Is there any other place where I can put the calculation of the CI and re-use the returned lower/upper bounds of the CI?


EDIT: I tried defining my own "add-in" that provides the environment with necessary variables (understandable by f_str), but the package is well protected from using external functions, and also the environment is locked from adding them.

> f <- function (e, x) 
 {
   env_bind(e, xx = 2*x)
   e
 }

> data %>% 
   unite("ARM_SIDE", c(ARM, SIDE)) %>% 
   tplyr_table(ARM_SIDE) %>% 
   add_total_group() %>% 
   add_layer(
     layer = group_count(SOC) %>% 
       set_distinct_by(PatID) %>% 
       f(2) %>% 
       set_format_strings(f_str("xx.x", xx))) %>% 
   build() 
Error: Functions called within `add_layer` must be part of `Tplyr`

OK, so I tried to "hack" the Tplyr and add my own function, so it's recognized by the engine, but it turned out the protection goes farther:

# A little dummy function, only to check if I can provide my own new variable (e.g. holding the lower or upper CI bound).
# If I could do this, then I could generate any kind of summary I need and merge it with the rest of the layer.

f <- function (e, x) 
{
  env_bind(e, xx = 2*x)
  e
}

rlang::env_unlock(environment(Tplyr::add_layer))  #unlocking the Tplyr environment
ns <- environment(Tplyr::add_layer)
assign("f", f, envir = ns) 
environment(f) <- ns  # some of these calls may be redundant, just for "safety"
assignInNamespace("f", f, ns = ns) 
namespaceExport(ns, "f")

# Now let's try using it with Tplyr

> data %>% 
   unite("ARM_SIDE", c(ARM, SIDE)) %>% 
   tplyr_table(ARM_SIDE) %>% 
   add_total_group() %>% 
   add_layer(
     layer = group_count(SOC) %>% 
       set_distinct_by(PatID) %>% 
       f(2) %>%  # some number just to trace the result
       set_format_strings(f_str("xx.x", xx))) %>% 
   build() 
Error: f_str for n_counts in a count_layer can only be n, pct, distinct, distinct_pct, total, or distinct_total

Good!
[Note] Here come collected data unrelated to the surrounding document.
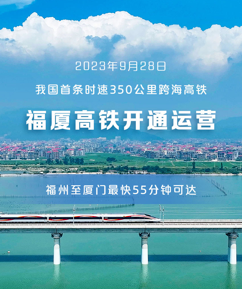 9月28日,我國首條時速350公里跨海高鐵——福州至廈門至漳州高鐵(福廈高鐵)開通運營。福州至廈門最快55分鐘可達,兩地實現“一小時生活圈”。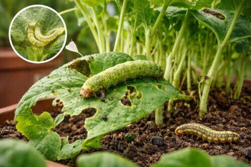朝起きたら豆苗が茎だけになっていた、あるいは葉に無数の大きな穴が空いているといった被害は、食害性害虫によるものです。特に警戒すべきはヨトウムシ(ハスモンヨトウ)です。彼らは夜行性のため、昼間は土の中や豆の隙間に隠れており、私たちが寝静まった夜間に猛烈な勢いで葉を食べ進めます。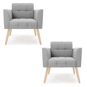 Você gosta de colecionar vários momentos memoráveis com sua família e amigos? Que tal recebê-los, com móveis de altíssima qualidade que só a DRossi tem? O Kit 2 Poltronas Elisa é adequado para você! Seu design retrô é a grande tendência do momento. Pode ser utilizado em diversos espaços da casa, em salas, hall de entrada, quartos, cozinhas, varanda, sacada, escritório, dentre outros. Contém as seguintes características: A estrutura é feita de madeira de Eucalipto 100% de reflorestamento, e os Pés Palito l, além de serem resistentes e duráveis, suportam em média até 120 kg. Assento, encosto e braços, contém enchimento de espuma D-23 e é estofada em tecido Suede, no tom Cinza, que oferece muito conforto e resistência ao sentar, com aquela sensação de maciez e aconchego. Possui também, detalhes de costura no encosto e assento, resultando em um acabamento impecável, conferindo muito mais valor e elegância ao seu espaço. Para complementar a decoração com essas lindas poltronas, a dica é utilizar mantas, almofadas ou vasinho de flor. E pronto, seu cantinho estará perfeito para descansar e relaxar! Aqui, você encontra várias opções, para que seus amigos e familiares se sintam acolhidos. Garanta já seu Kit 2 Poltronas.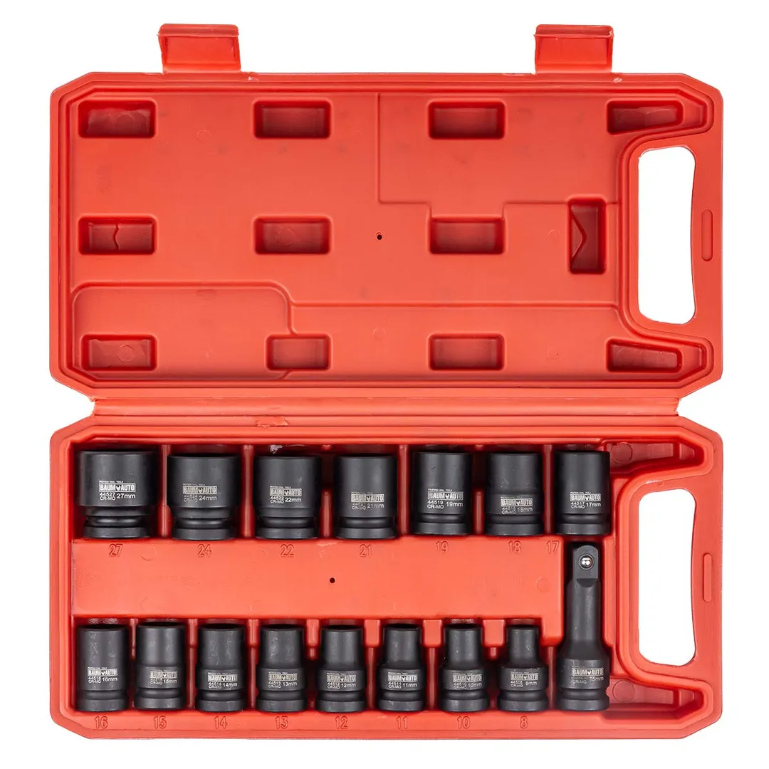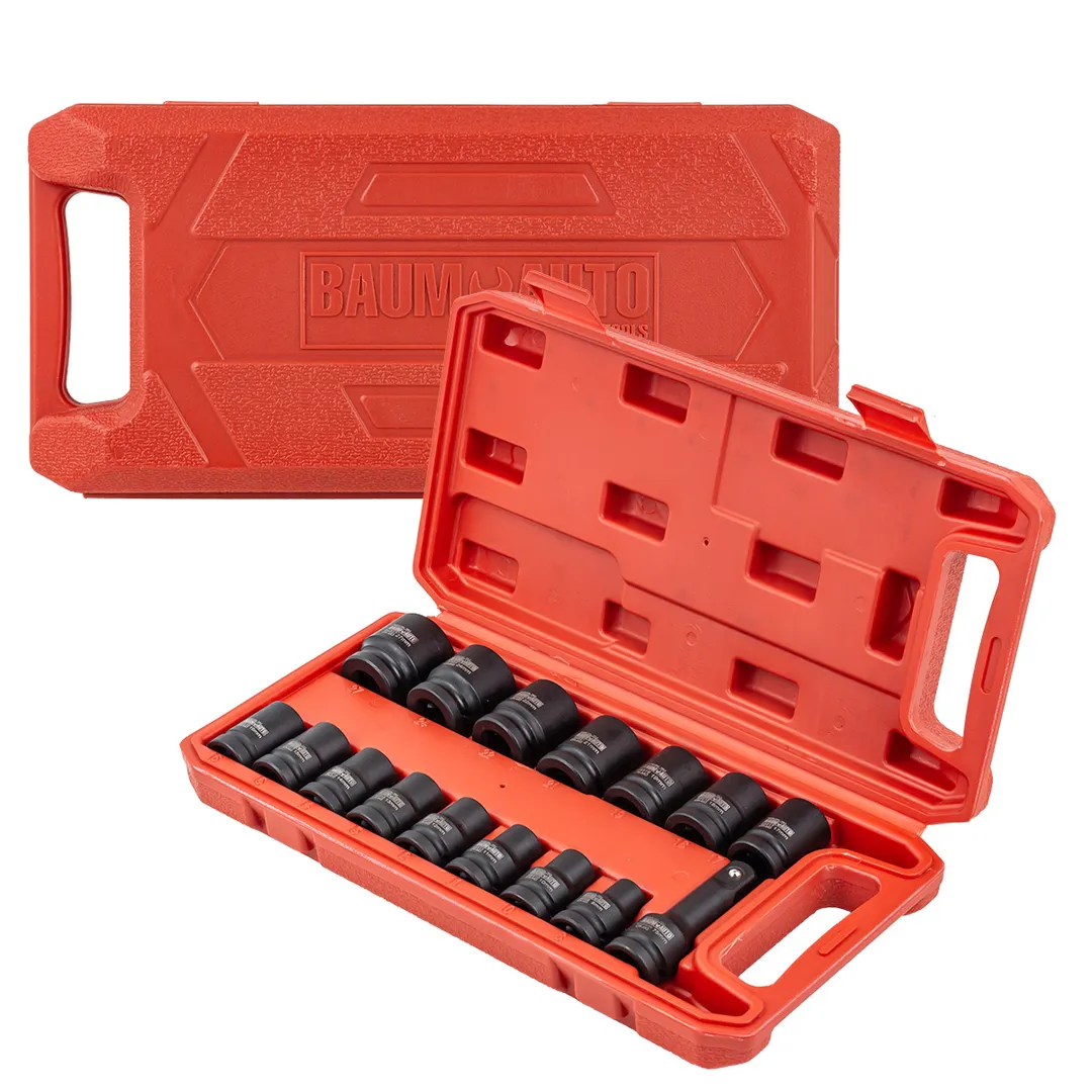 Набор ударных головок 8-27 мм 1/2'' 6- гр 16 пр, удлинитель 75 мм BaumAuto BM-4179-5MPB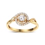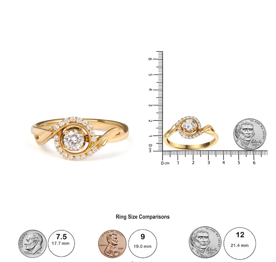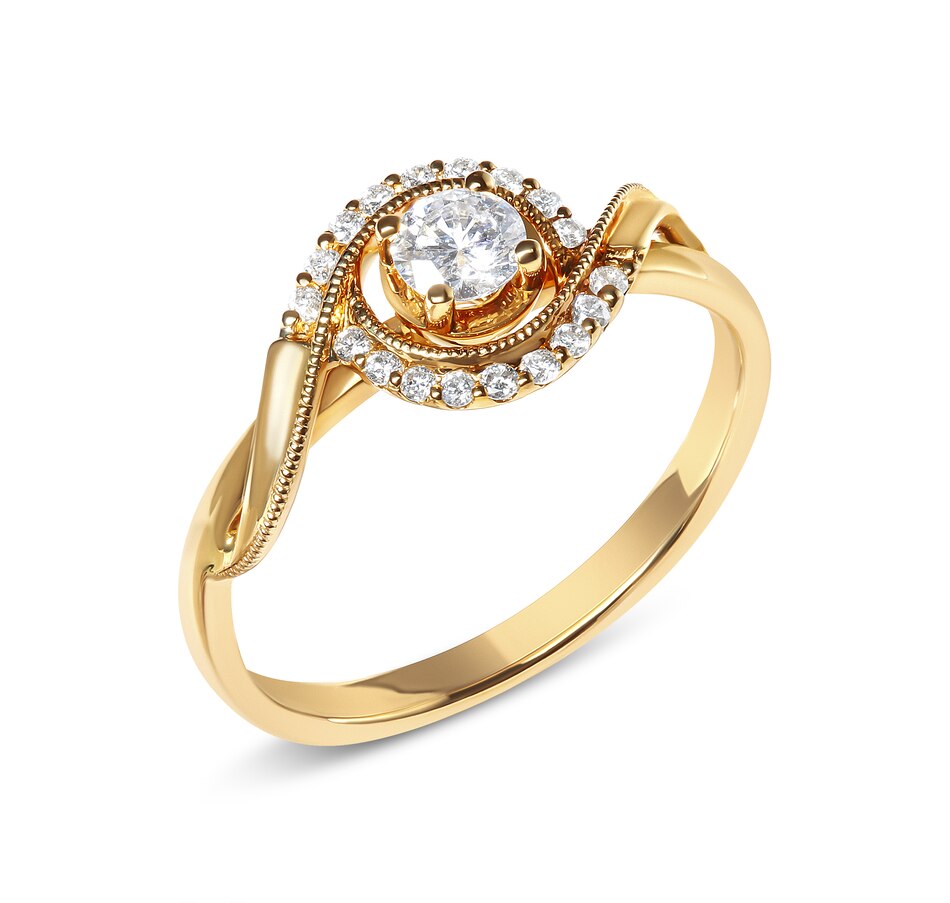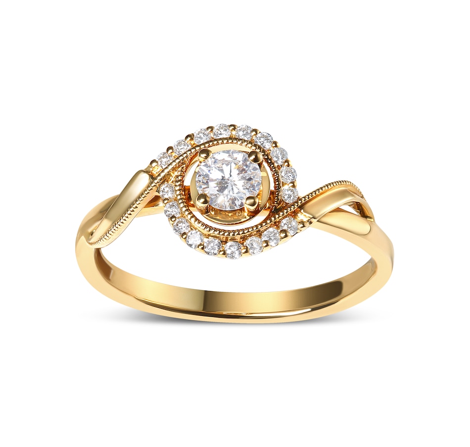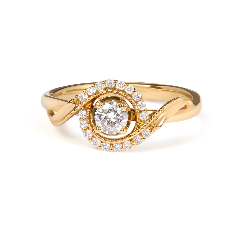 Embodying the essence of romance and eternal love, this exquisite 14K yellow gold engagement ring sparkles with a breathtaking 1/4 cttw round diamond cradled at its heart in a secure 4-prong setting, radiating a light that captures the depths of devotion. Around this central marvel, a halo of shimmering diamonds, each meticulously set in shared prongs, magnifies the radiance, while the delicate beaded milgrain detailing along the inner border whispers of antique elegance. The band itself twists elegantly, mirroring the intertwining fates of destined souls. Natural, earth-mined diamonds offer a pure and brilliant testament to a love that is as authentic as it is profound. This ring, a perfect symbol of unity and allure, is destined to become a beloved heirloom.
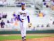 After LSU had gone scoreless for two stanzas, the Tigers loaded the bases on walks in the fourth. Designated player McKaela Walker walked in a run, and Hodge hit her first extra-base hit of the season, a base-clearing triple to increase LSU’s margin to 10-0.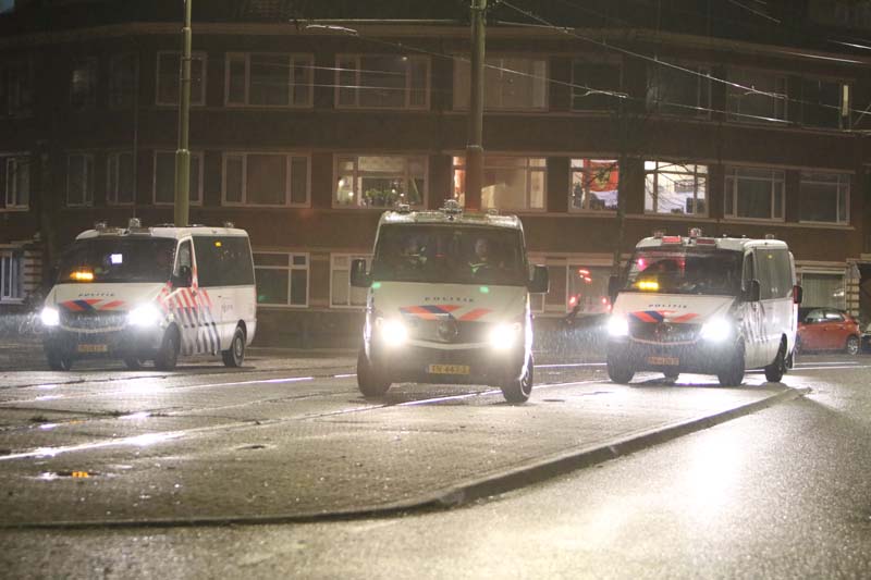 Meerdere bussen van de Mobiele Eenheid (ME) stonden op een afstand stand-by om de aanwezige politie eenheden te assisteren wanneer dit nodig was.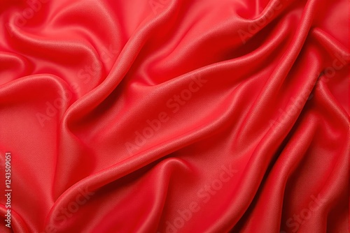 © Pixels Hunter, Obraz premium Bright red silk fabric texture with soft folds on light background.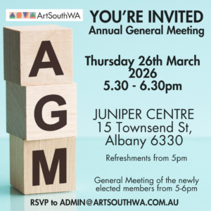 The ArtSouthWA 2026 AGM will be held 5.30 pm Thursday 26th March 2026 at the Juniper Community Centre 15 Townsend St Lockyer 6330. Refreshements available from 5pm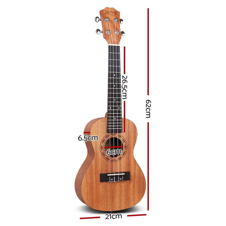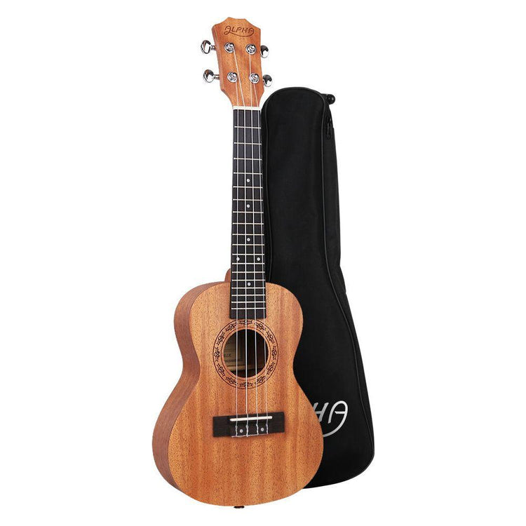 It is cute and handy. Easy to learn and play. And sounds great too. Our Alpha Ukulele promises to deliver hours of resounding fun as you sing and play your favourite tunes with wild abandon. Crafted from rich tone woods for a matt natural finish, our Ukulele features meticulous craftsmanship and quality components that others place a premium on. Such as the Mahogany top, back and sides, contoured back, rosewood fretboard, reliable tuners, bone nut and saddle, premium nylon strings, decorative soundhole rosette and pre-installed strap pins on both ends of the body. Also included is a bonus carry bag and tuner to bring your music where it matters most. Among friends and an appreciative audience. So quit procrastinating and start your musical journey with the mesmerising sounds of the Alpha Ukulele. Get yours today.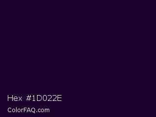 Hex #1d022e Color is a almost black purple color and the nearest color is Haiti #1b1035. Hex code #1d022e and RGB value is rgb(29,2,46). In RGB color space, this color is composed of 11% red, 1% green, 18% blue, In CMYK color space, this color is composed of 37% cyan, 96% magenta, 0% yellow , 82% black , In HSL color space, this color has a hue angle of 277° , 92% saturation and 9% lightness.

Now f() is part of Tplyr and passes the getNamespaceExports("Tplyr") checking.
Bad! The names of variables that can be used with this layer are fixed.

obraz

And also putting it here seems to be nonsensical, as the nominators and denominators aren't known at this level.

It could be on the level of f_str(), combined via paste() or sprintf():

data %>% 
  unite("ARM_SIDE", c(ARM, SIDE)) %>% 
  tplyr_table(ARM_SIDE) %>% 
  add_total_group() %>% 
  add_layer(
    layer = group_count(SOC) %>% 
      set_distinct_by(PatID) %>% 
      set_format_strings(f_str( paste("xx.x", 
                                      round(f1(distinct_n, distinct_total)$lower, 2)), n))) %>% 
  build() 

But the distinct_n and distinct_total isn't known in the paste function...

f_str won't allow for other variables, set_format_strings won't allow for anything else than f_str.

And here my "creativity" ends. Briefly - while the numerical summary is extensible, the categorical one is not. Would you consider enabling this as well?

This should be done in a more general way - to allow one for using any custom functions taking the n, distinct n, and appropriate denominators, producing custom columns. It's very common to add various CIs (for %, for their differences, like Miettinen-Nurminen), p-values of various tests, effect size of various kinds (for difference in proportions) along with their own bootstrapped CI and so on. So if there is any common mechanism enabling the user to use own, custom functions returning custom columns, that can be reused within the counting layer (and maybe also the shift layer), it would be really great!

To make it absolutely clear - I am not asking for making Tplyr a statistical suite. This would be a nonsense, as it's just for tabular summaries. I rather mean enabling the user to provide own summaries instead.